**Exercise aim:**
Exactly as they appear below, repeat the lines from the one with "河北省环境空气质量预测(周报)2022年第7周" through the one with "帰りはエコノミーです。この狭さ!足の長い息子は1ミリも隙間がない。". Drop every picture.

(Items from a data source)
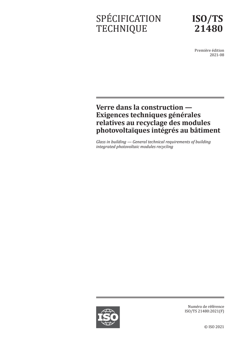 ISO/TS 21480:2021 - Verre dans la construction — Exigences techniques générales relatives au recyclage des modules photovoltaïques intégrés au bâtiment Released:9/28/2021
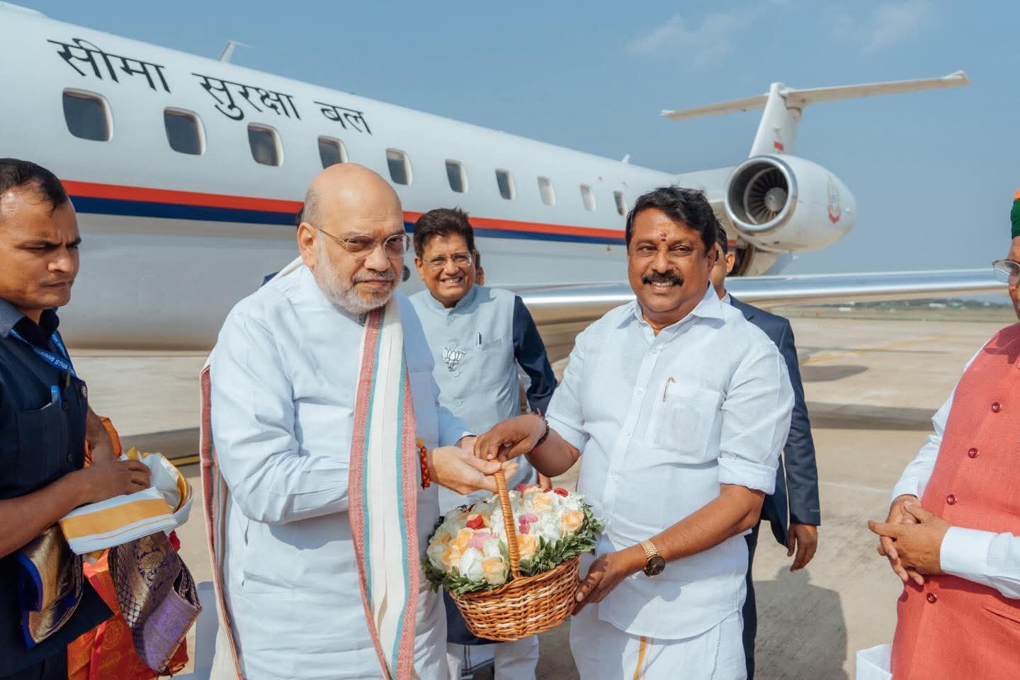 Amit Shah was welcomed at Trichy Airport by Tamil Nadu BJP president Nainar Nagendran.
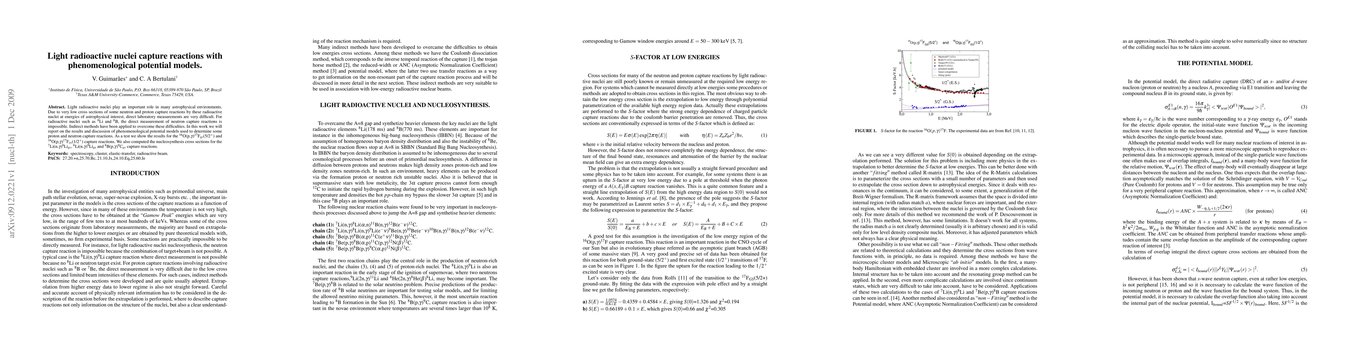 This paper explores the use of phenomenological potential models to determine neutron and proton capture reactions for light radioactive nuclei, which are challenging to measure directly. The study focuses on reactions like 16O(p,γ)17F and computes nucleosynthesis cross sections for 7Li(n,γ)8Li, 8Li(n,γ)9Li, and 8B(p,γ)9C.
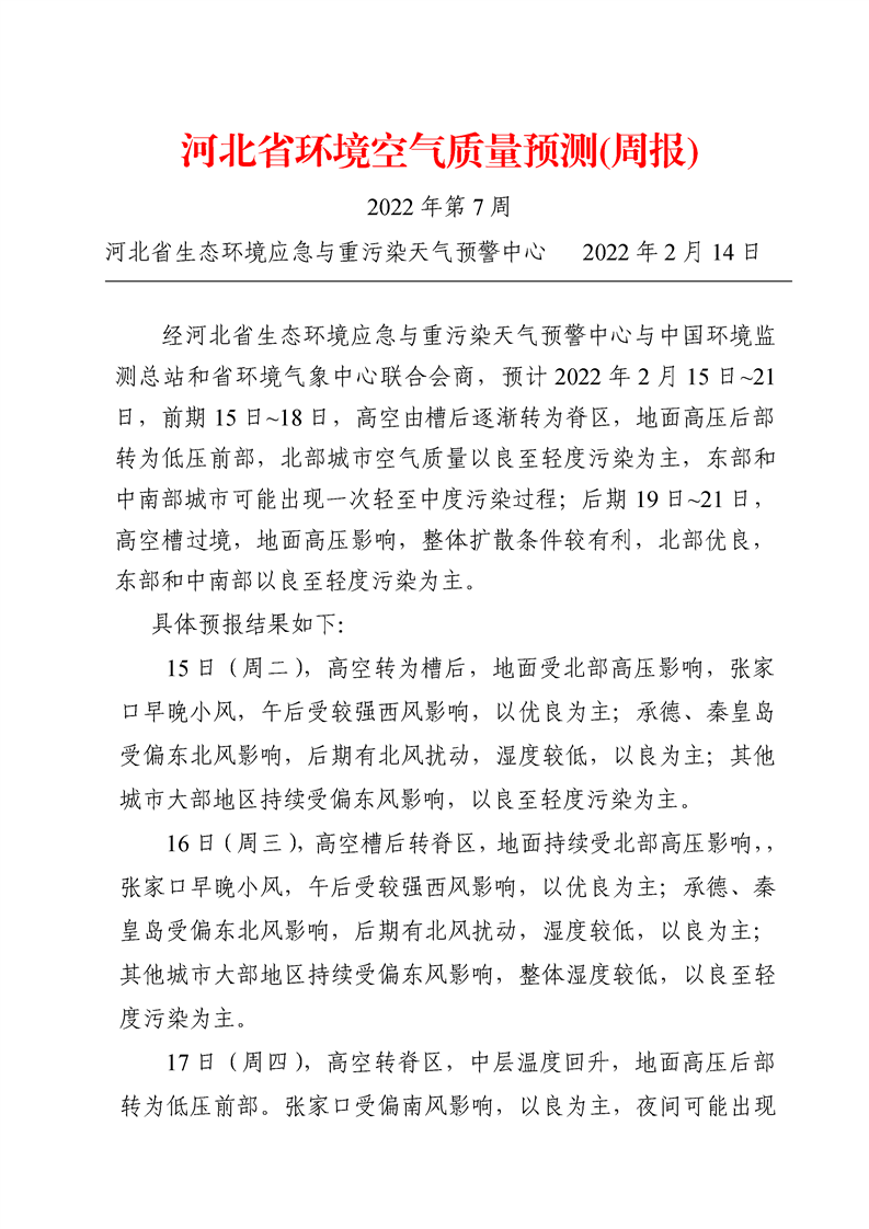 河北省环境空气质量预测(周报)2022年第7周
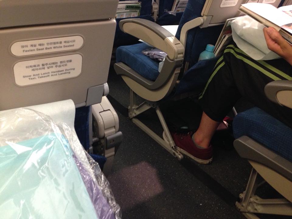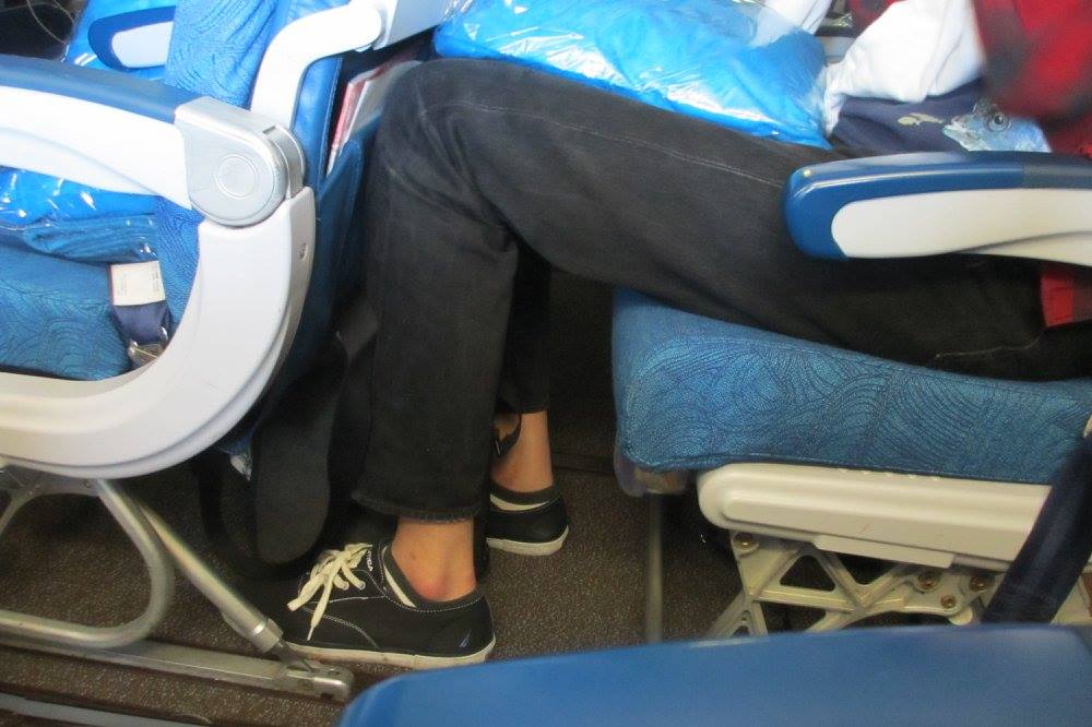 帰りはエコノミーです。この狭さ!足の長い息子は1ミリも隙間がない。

* * *

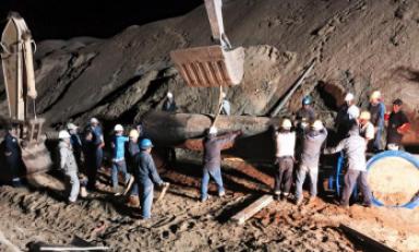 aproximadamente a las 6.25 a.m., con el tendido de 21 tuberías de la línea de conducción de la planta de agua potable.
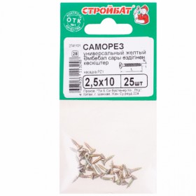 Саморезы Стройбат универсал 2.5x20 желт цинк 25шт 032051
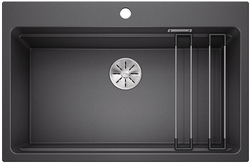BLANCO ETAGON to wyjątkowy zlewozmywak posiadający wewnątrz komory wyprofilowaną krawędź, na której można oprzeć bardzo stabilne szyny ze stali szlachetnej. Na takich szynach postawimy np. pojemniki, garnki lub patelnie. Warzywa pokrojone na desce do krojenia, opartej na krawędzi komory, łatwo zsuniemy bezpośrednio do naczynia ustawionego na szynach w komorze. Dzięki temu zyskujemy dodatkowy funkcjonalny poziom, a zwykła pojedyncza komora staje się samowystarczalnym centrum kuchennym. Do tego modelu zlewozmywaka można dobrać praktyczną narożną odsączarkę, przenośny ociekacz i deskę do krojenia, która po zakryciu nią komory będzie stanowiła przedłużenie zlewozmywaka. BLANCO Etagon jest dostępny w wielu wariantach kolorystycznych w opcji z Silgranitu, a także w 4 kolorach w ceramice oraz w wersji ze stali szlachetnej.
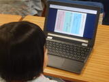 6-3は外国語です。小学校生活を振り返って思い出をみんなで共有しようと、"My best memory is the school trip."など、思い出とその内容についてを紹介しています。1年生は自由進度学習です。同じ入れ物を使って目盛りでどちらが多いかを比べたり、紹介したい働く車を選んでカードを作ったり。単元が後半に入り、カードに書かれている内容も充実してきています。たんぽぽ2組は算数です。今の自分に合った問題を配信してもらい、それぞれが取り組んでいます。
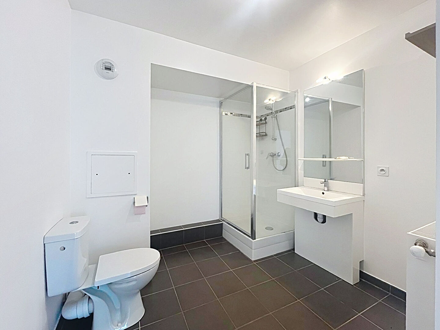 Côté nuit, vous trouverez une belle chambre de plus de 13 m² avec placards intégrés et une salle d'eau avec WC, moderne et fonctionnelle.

**Written response:**
 河北省环境空气质量预测(周报)2022年第7周
 帰りはエコノミーです。この狭さ!足の長い息子は1ミリも隙間がない。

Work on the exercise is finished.